So Much Room for Activities

Hi, everybody!

It’s been a busy, busy day (what else is new?). It’s been a FANTASTIC day so far. What happened? Well, good 5-6 rounds of sparring, some tennis with my Pops, and finished off with some more bag rounds (mainly working on my inside game–uppercuts and hooks). In just a bit, I’ll be heading to play volleyball. Safe to say I should sleep just fine tonight.

So all the external stuff is going well for me today, now it’s time to check in mentally. I advise you to do the same. The day might feel like it’s going well, but maybe you aren’t dealing with some demons. Maybe I’m not dealing with some demons. But it’s time to figure that out for ourselves.

Time to dig deep. Give me one moment.

I still fear the potential conversation I will have to have with my significant other when they return. Maybe that’s why I’ve kept myself so busy today (shit, I’ve only eaten a banana today, too). Maybe I’m hiding. Hopefully this writing is bringing me out of my shell. Well, it is. I’m already working though this issue in my head, through this writing. Am I any better off? Maybe, maybe not. But it’s like I always say, the important part is being aware. Understanding not just what’s around you, but what’s going on inside you, too.

Remember that. Even if the day is feeling great, make sure to take a deep breath and really check in with yourself. Same thing goes for when you’re feeling shitty. Awareness is key. Now let’s get back to the physical demands of the day, eh?!

I wish you well. Try not to beat the shit out of yourself.

Bloated

Hi, everybody!

The title is simple and the subject matter is simple: I’m bloated, physically. Mentally I feel pretty solid. The gym helps with that. My physical health helps with that. My friendships and family relationships help with that.

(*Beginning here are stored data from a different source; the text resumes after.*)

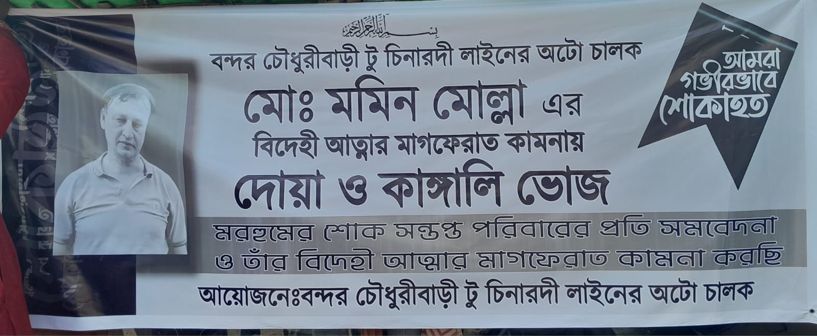 ১৭/৯/২০২৪ ইং রোজ মঙ্গলবার বাদ যোহর নারায়ণগঞ্জ বন্দর অটো স্টানের অটো চালক ও ব্যবসায়িকদের যৌথ উদ্যোগে অটো চালক মরহুম মমিনুল মোল্যার জন্য দোয়াও মিলাদ উপলক্ষে প্রায় ৩ শত লোকের মাঝে নেয়াজ বিতরণ করেন এই নেয়াজের উসিলায় আল্লাহ পাক রাব্বুল আলামিন যেন মরহুম মমিনুল মোল্লা কে ক্ষমা করে দে আমিন আয়োজনে বন্দর ঘাটের সকল অটো চালক ও ব্যবসায়িক নেতৃবৃন্দ উপস্থিত ছিলেন অটো স্টানের অটো চালক দের প্রতিনিধি মোহাম্মদ জাফর মোঃ উজ্জল বন্দর ঘাটের ব্যবসায়িক মোহাম্মদ নাজির হোসেন বন্দর ঘাটের ব্যবসায়ী মোহাম্মদ আমির হোসেন বন্দর ঘাটের ব্যবসায়ীক মোহাম্মদ রহিম বন্দর ঘাটের ব্যবসায়ীক মোহাম্মদ ফরিদ বন্দর ঘাটের ব্যবসায়ীক মোঃ ফিরোজ বন্দর ঘাটের ব্যবসায়ীক মোঃ মুন্না বন্দর ঘাটের ব্যবসায়ীক মোঃ সাদ্দাম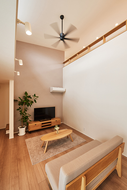 開放感のある吹抜けリビング。テレビ背面の塗り壁とロフトの木製の手摺がアクセント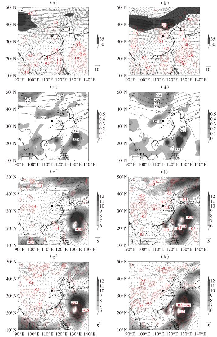 The 200 hPa jet (arrow vectors, Unit: m·s-1), divergence (the isolines, Unit: 10-6 s-1), and isotachs (the grey shaded, Unit: m·s-1) (a, b), the 500 hPa geopotential height field (the contour lines, Unit: dagpm) and vorticity (the grey shaded, Unit: 10-5 s-1) (c, d), and the wind fields (arrow vectors, Unit: m·s-1), divergence (the isolines, Unit: 10-6 s-1), and isotachs (the grey shaded, Unit: m·s-1) at 700 hPa (e, f) and 850 hPa (g, h) at t-24 (a, c, e, g) and t0 (b, d, f, h) of the type Ⅱ TRP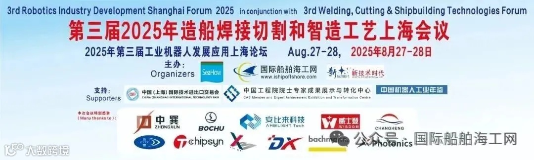 在国内外成功举办了系列专题会议论坛基础上,为进一步促进在当前造船热的大潮下船舶海工制造业转型和升级,第四届2025年造船焊接切割和智能制造上海论坛暨2025年船舶海工产业智能制造和数字化应用上海大会和2025年第四届工业机器人发展应用上海论坛将于12月4日在上海举办,本届论坛大会将在《中国机器人工业年鉴》、中国(上海)国际技术进出口交易会(简称“上交会”,英文缩写“CSITF”)等单位指导支持下,由国际船舶海工网、新技术时代和低空天地平台联合承办,将进一步交流中外智能高效造船、管理创新、 技术创新、海洋装备先进制造、构建数字产业生态、智能制造、数字化、智能焊接、切割、智能总装等先进技术工艺应用、工艺变革、装备更新、计算机辅助技术、工业机器人、AI技术、ChatGPT、数字孪生、绿色低碳与数字化融合、大数据、云计算、网络安全、业务协同等的新发展和应用趋势,中外代表将纷纷汇聚上海交流,咨询:meetchinamkt@163.com或者 china@ishipoffshore.com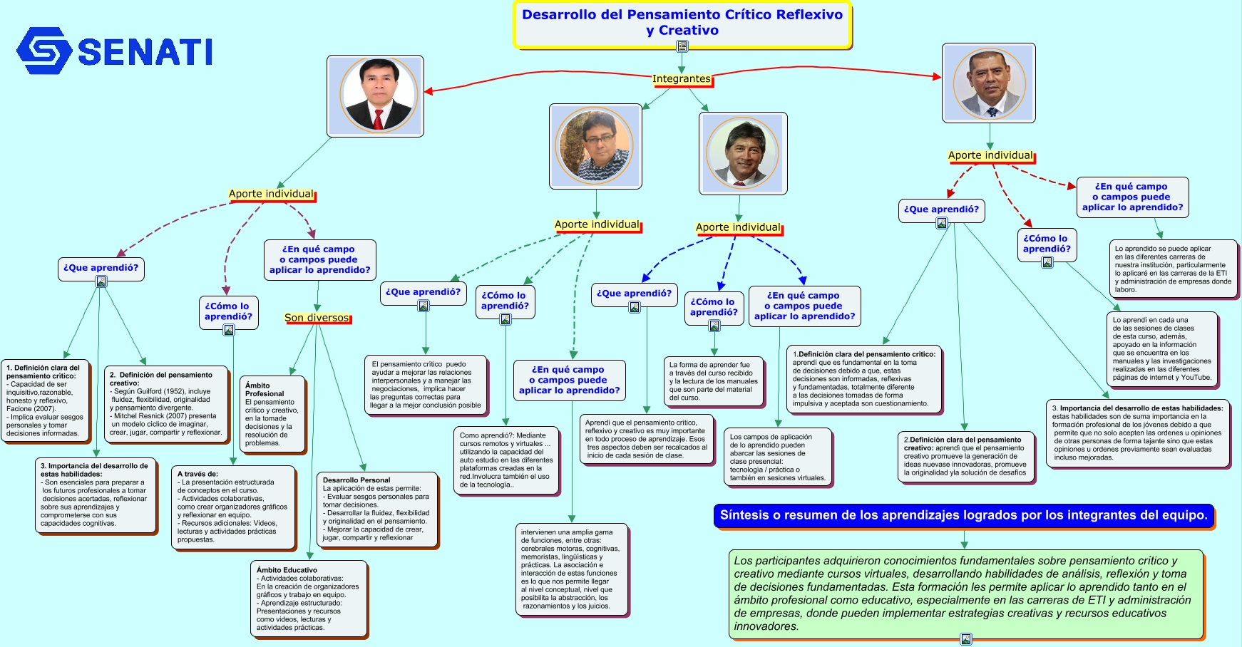 Este Cmap, tiene información relacionada con: Mapa mental-SENATI - 202510, ¿En qué campo o campos puede aplicar lo aprendido? ???? Los campos de aplicación de lo aprendido pueden abarcar las sesiones de clase presencial: tecnología / práctica o también en sesiones virtuales., Desarrollo del Pensamiento Crítico Reflexivo y Creativo Integrantes, Aporte individual ¿Cómo lo aprendió?, ¿Que aprendió? ???? 1. Definición clara del pensamiento crítico: - Capacidad de ser inquisitivo,razonable, honesto y reflexivo, Facione (2007). - Implica evaluar sesgos personales y tomar decisiones informadas., ¿Cómo lo aprendió? ???? La forma de aprender fue a través del curso recibido y la lectura de los manuales que son parte del material del curso., Desarrollo del Pensamiento Crítico Reflexivo y Creativo Integrantes, ¿En qué campo o campos puede aplicar lo aprendido? Son diversos Desarrollo Personal La aplicación de estas permite: - Evaluar sesgos personales para tomar decisiones. - Desarrollar la fluidez, flexibilidad y originalidad en el pensamiento. - Mejorar la capacidad de crear, jugar, compartir y reflexionar, Aporte individual ¿En qué campo o campos puede aplicar lo aprendido?, Aporte individual ¿En qué campo o campos puede aplicar lo aprendido?, Aporte individual ¿Que aprendió?, Aporte individual ¿En qué campo o campos puede aplicar lo aprendido?, ¿Que aprendió? ???? 3. Importancia del desarrollo de estas habilidades: estas habilidades son de suma importancia en la formación profesional de los jóvenes debido a que permite que no solo acepten las ordenes u opiniones de otras personas de forma tajante sino que estas opiniones u ordenes previamente sean evaluadas incluso mejoradas., ¿En qué campo o campos puede aplicar lo aprendido? Son diversos Ámbito Profesional El pensamiento crítico y creativo, en la tomade decisiones y la resolución de problemas., ¿Que aprendió? ???? Aprendí que el pensamiento crítico, reflexivo y creativo es muy importante en todo proceso de aprendizaje. Esos tres aspectos deben ser recalcados al inicio de cada sesión de clase., ¿Que aprendió? ???? 2.Definición clara del pensamiento creativo: aprendí que el pensamiento creativo promueve la generación de ideas nuevase innovadoras, promueve la originalidad yla solución de desafíos, ¿En qué campo o campos puede aplicar lo aprendido? ???? intervienen una amplia gama de funciones, entre otras: cerebrales motoras, cognitivas, memoristas, lingüísticas y prácticas. La asociación e interacción de estas funciones es lo que nos permite llegar al nivel conceptual, nivel que posibilita la abstracción, los razonamientos y los juicios., Desarrollo del Pensamiento Crítico Reflexivo y Creativo Integrantes, Aporte individual ¿Cómo lo aprendió?, Síntesis o resumen de los aprendizajes logrados por los integrantes del equipo. ???? Los participantes adquirieron conocimientos fundamentales sobre pensamiento crítico y creativo mediante cursos virtuales, desarrollando habilidades de análisis, reflexión y toma de decisiones fundamentadas. Esta formación les permite aplicar lo aprendido tanto en el ámbito profesional como educativo, especialmente en las carreras de ETI y administración de empresas, donde pueden implementar estrategias creativas y recursos educativos innovadores., ¿Que aprendió? ???? 3. Importancia del desarrollo de estas habilidades: - Son esenciales para preparar a los futuros profesionales a tomar decisiones acertadas, reflexionar sobre sus aprendizajes y comprometerse con sus capacidades cognitivas.
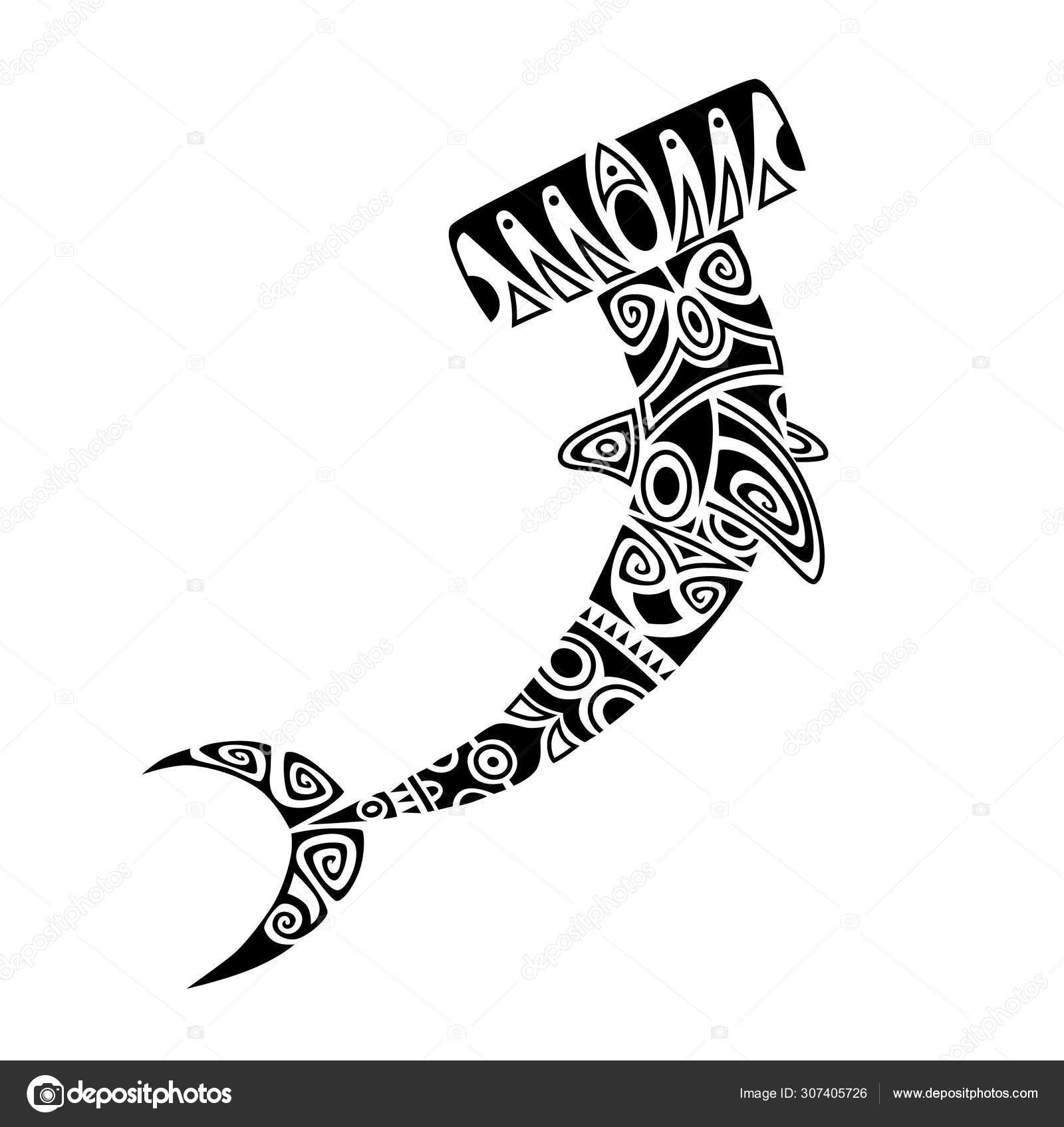 Hammerhead Shark Maori Style Tattoo Sketch Stock Vector C Marinastorm5554 307405726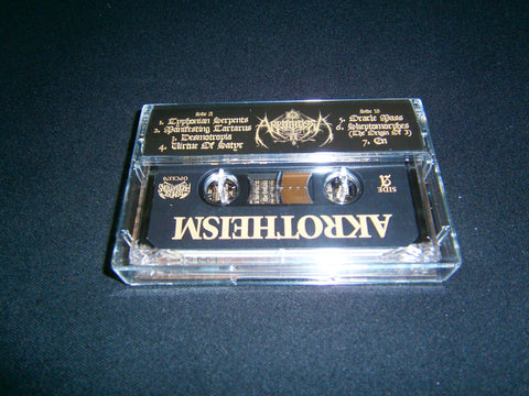 Akrotheism - Law of Seven Deaths. Pro Tape format of their 2019 2nd full length album with 7 tracks of Black Metal from Greece. Limited Edition to 100 copies comes with 6 panels J-Card lyrics included. Sealed Item. Recommended for fans of Nightbringer, Varathron and Funeral Mist.

But today is just a fun blog. I shovel-fed food into my mouth last night after training. Granted, I did train twice yesterday, but I shouldn’t have put so much food down my gullet. What did I eat? From 8 PM to 12 AM, I had: Shrimp pad thai, a pork chop (thick one), crackers and hummus (lots), a roast beef and fake gouda cheese sandwich, half a sleeve of salt and vinegar veggie chips, and I topped it all off with a giant bowl of Blueberry Chex.

I’m a pig, I get it.

So, yeah, I’m bloated. And I don’t have much else to say today. Sorry. Well, not really. I can’t always have something to say, right? Oh, I spar later this evening. Hopefully this bloat depletes over the next few hours.

Why did I just tell a bunch of strangers I’m bloated?

I wish you well. Try not to beat the shit out of yourself.

Being Vulnerable With A Purpose

Hi, everybody.

Over the past two days, I’ve opened up to quite a few new people in my life. Whether it was about where I’m at financially, in my love life, or how my mentals are doing, I’ve made sure to make myself vulnerable to people.

Why? Why the fuck would you do that, man? Sounds terrible.

It is terrible. At the start. Then the other person opens up. Then you listen. Then you have a friend. It’s a scary process, but a very simple process. We as humans tend to overcomplicate the simplest of things. Let’s stop doing that.

I wrote about “ordinary courage” last week. I’ve really been practicing it since then. It’s freeing. I’ve never been embarrassed (in my adult life) about my mental condition, my drug addiction, or any of the other “whoa” shit. However, I didn’t understand the importance of what I’ve went through and how it can positively impact others till I started this blog.

You, me, all of us battling through depression, anxiety, and all the other bullshit. Guess what? We’re fucking champions. And you’re a Champion of mental health. Get out there, speak with people, show that ordinary courage on a daily basis. I can almost guarantee you make a friend or two. And if not, I bet there’s something you do to help others, and really that’s all that matters here.

We’re all in this together, folks. Whether your struggles are mental or physical, we all struggle. Every. Single. One. Of. Us. Get out there and help the fellow strugglers (there’s plenty to choose from). You’ll be surprised on how much you really do have to offer.

I wish you well. Try not to beat the shit out of yourself.